Records Block Start

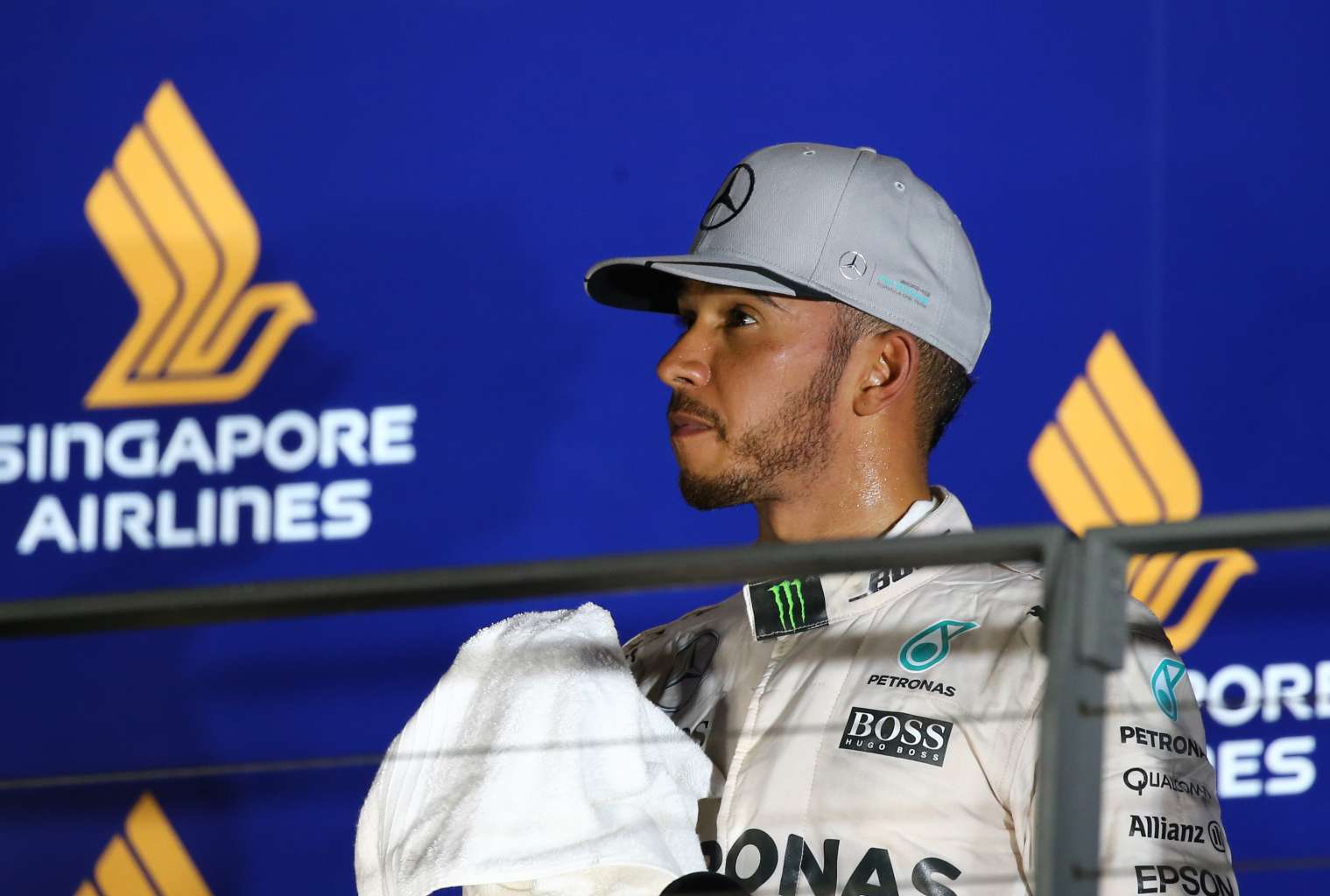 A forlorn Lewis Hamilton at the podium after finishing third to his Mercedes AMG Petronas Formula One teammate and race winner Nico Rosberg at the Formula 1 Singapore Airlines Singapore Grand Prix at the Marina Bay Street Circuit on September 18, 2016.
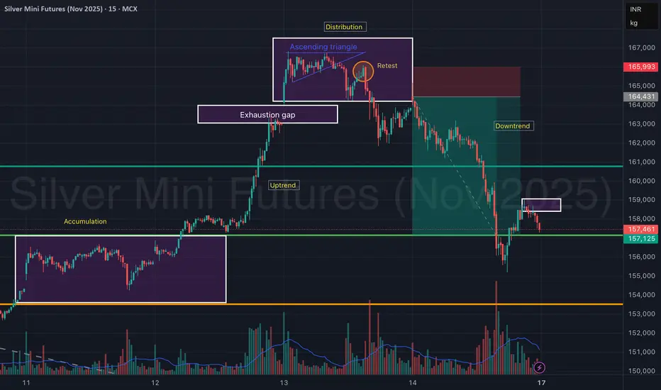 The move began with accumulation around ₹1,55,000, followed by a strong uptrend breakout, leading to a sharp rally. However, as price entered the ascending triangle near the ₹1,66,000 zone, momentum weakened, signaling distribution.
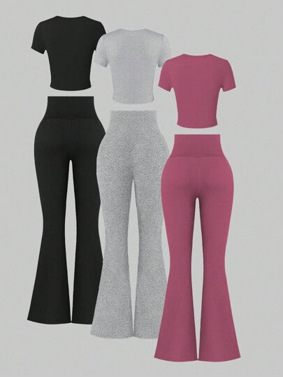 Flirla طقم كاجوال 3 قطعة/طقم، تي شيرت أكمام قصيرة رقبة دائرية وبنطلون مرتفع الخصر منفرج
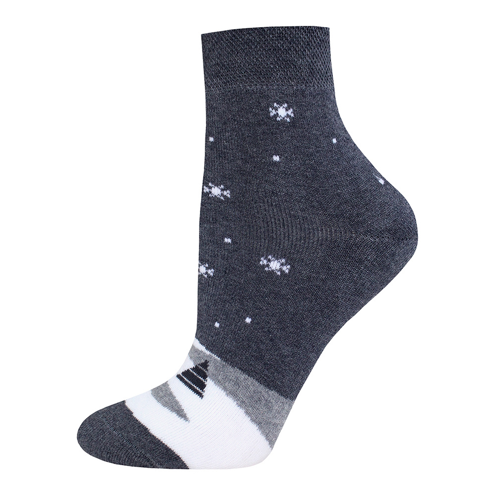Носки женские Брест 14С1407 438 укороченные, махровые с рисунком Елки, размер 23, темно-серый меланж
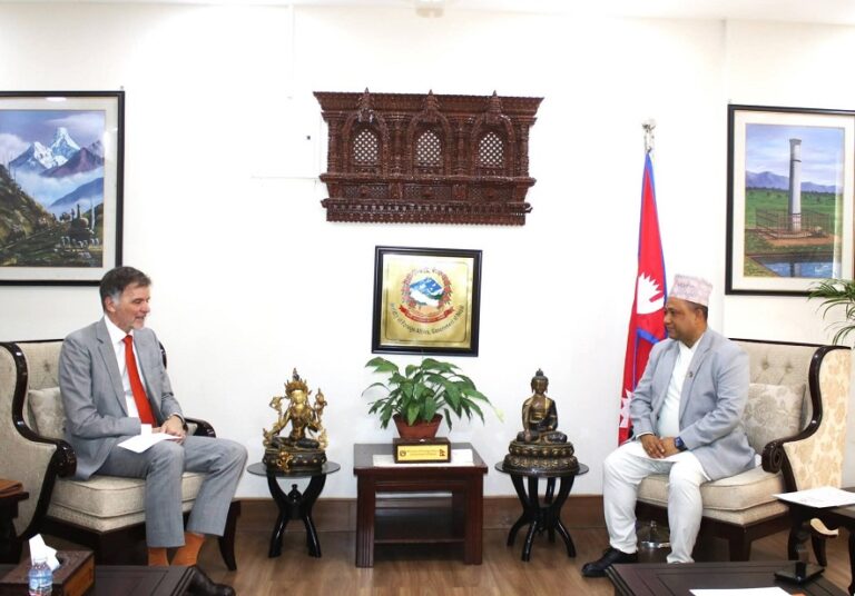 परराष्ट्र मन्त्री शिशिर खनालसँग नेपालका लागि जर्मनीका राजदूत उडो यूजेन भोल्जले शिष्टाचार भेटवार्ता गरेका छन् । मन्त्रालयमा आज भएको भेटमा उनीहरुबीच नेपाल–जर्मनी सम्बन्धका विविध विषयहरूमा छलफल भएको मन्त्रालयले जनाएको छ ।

Records Block End
Records Block Start

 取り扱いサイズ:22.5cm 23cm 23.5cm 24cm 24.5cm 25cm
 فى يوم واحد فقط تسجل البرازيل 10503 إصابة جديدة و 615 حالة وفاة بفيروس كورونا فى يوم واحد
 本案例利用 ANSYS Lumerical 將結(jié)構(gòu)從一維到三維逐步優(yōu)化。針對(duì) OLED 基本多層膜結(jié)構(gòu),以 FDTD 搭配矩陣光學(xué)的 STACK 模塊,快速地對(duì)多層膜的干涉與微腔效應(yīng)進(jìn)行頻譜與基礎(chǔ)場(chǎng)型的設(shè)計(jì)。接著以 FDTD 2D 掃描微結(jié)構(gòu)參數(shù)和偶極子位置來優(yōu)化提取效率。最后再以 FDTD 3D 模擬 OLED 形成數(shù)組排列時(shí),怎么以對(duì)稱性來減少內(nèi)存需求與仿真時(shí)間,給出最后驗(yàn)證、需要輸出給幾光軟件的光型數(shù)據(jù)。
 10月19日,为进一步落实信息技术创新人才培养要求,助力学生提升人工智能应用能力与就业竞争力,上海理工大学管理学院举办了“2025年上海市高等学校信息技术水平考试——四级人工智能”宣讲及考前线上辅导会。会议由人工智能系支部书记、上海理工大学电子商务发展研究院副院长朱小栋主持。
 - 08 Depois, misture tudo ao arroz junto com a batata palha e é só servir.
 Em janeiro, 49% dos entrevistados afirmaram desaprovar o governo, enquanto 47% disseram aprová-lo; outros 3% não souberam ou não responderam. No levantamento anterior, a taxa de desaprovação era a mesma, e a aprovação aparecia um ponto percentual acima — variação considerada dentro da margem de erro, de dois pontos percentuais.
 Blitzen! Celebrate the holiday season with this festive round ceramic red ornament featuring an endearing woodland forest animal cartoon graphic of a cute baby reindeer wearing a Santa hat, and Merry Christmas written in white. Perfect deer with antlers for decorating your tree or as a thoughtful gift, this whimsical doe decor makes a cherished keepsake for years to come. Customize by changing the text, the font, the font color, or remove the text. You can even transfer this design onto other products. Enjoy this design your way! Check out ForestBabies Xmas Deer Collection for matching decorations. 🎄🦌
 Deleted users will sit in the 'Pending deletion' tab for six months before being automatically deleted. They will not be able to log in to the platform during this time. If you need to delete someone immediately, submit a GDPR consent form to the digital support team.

Records Block End

> _Prompt_
Copy only what lies between the line with "A forlorn Lewis" and the line with "Носки женские Брест", those two lines included, exactly as given above; pictures stay out.

> _Solution for this problem_
 A forlorn Lewis Hamilton at the podium after finishing third to his Mercedes AMG Petronas Formula One teammate and race winner Nico Rosberg at the Formula 1 Singapore Airlines Singapore Grand Prix at the Marina Bay Street Circuit on September 18, 2016.
 The move began with accumulation around ₹1,55,000, followed by a strong uptrend breakout, leading to a sharp rally. However, as price entered the ascending triangle near the ₹1,66,000 zone, momentum weakened, signaling distribution.
 Flirla طقم كاجوال 3 قطعة/طقم، تي شيرت أكمام قصيرة رقبة دائرية وبنطلون مرتفع الخصر منفرج
Носки женские Брест 14С1407 438 укороченные, махровые с рисунком Елки, размер 23, темно-серый меланж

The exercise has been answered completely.